Zur Statthaftigkeit der Klage gehört nämlich - abgesehen von dem hier erfüllten Erfordernis, daß sich der Rechtsbehelf gegen ein rechtskräftiges Urteil richtet (§ 578 Abs. 1 ZPO) -, daß in der Klage mindestens einer der im Gesetz aufgeführten Nichtigkeits- (§ 579 ZPO) oder Restitutionsgründe (§ 580 ZPO) behauptet wird (vgl. Kommentare zur Zivilprozeßordnung von Wieczorek: Anm. B I a zu § 578; Stein-Jonas-Schönke: Anm. III, 1 vor § 578, und Baumbach-Lauterbach: Anm. 2 zu § 578). Der Stpfl. hat in seinem Wiederaufnahmeantrag aber lediglich folgende Gesichtspunkte geltend gemacht: Die Begründung der Revisionsentscheidung vom 1. Oktober 1964 sei rechtlich unvereinbar mit der Grundsatzentscheidung des Bundesverfassungsgerichts zum steuerrechtlichen Verwaltungsstrafverfahren vom 6. Juni 1967 - 2 BvB 375/60 - BVerfGE 22, 49. Ferner habe der Senat in der Revisionsentscheidung verschiedene - in der Wiederaufnahmeklage näher bezeichnete - tatsächliche Umstände unberücksichtigt gelassen und schließlich dem Stpfl. ein für die Revisionsentscheidung bestimmendes Schreiben - Näheres ist hierzu nicht angegeben - vorenthalten.

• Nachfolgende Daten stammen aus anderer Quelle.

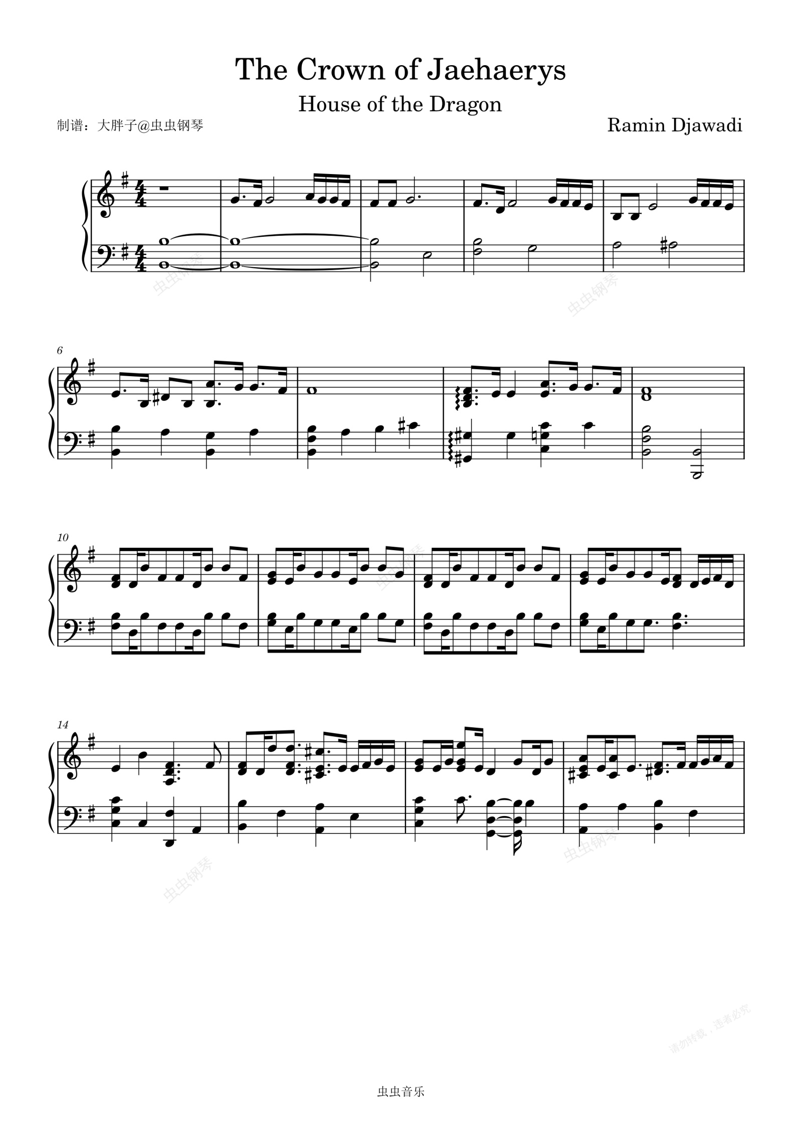 钢琴谱:The Crown of Jaehaerys - Ramin Djawadi

Dieses Vorbringen enthält offensichtlich keine Behauptungen, die den in den §§ 579 und 580 ZPO aufgezählten Tatbeständen entsprechen. Die Klage ist deshalb weder als Nichtigkeits- noch als Restitutionsklage statthaft.
Im übrigen ist die Wiederaufnahme auch nicht in der richtigen Form erhoben, da sie entgegen dem zwingenden Gebot des § 587 ZPO keine Erklärung darüber enthält, ob gegen das Revisionsurteil die Nichtigkeitsklage oder die Restitutionsklage erhoben wird.
Somit fehlen für die Aufhebung des Revisionsurteils die prozessualen Voraussetzungen. Es kann daher auch dem Antrag auf Aufhebung der Vorentscheidung, nämlich des Urteils des FG vom 24. Juli 1961, keine Folge gegeben werden. Die Aufhebung dieses Urteils würde nämlich in erster Linie voraussetzen, daß das Wiederaufnahmeverfahren gegen das Revisionsurteil Erfolg gehabt hätte.
Das gleiche gilt für die Anträge auf Erstattung von Kosten und auf Folgenbeseitigung aus den durchgeführten Pfändungen.
2. Soweit sich der Wiederaufnahmeantrag auf das Strafurteil des LG vom 19. Oktober 1959 bezieht, ist der BFH für die Entscheidung nicht zuständig (§ 584 ZPO, § 367 Abs. 1 der Strafprozeßordnung).
3. Die Klage war deshalb in vollem Umfang mit der Kostenfolge aus § 135 Abs. 1 und 2 FGO als unzulässig zu verwerfen.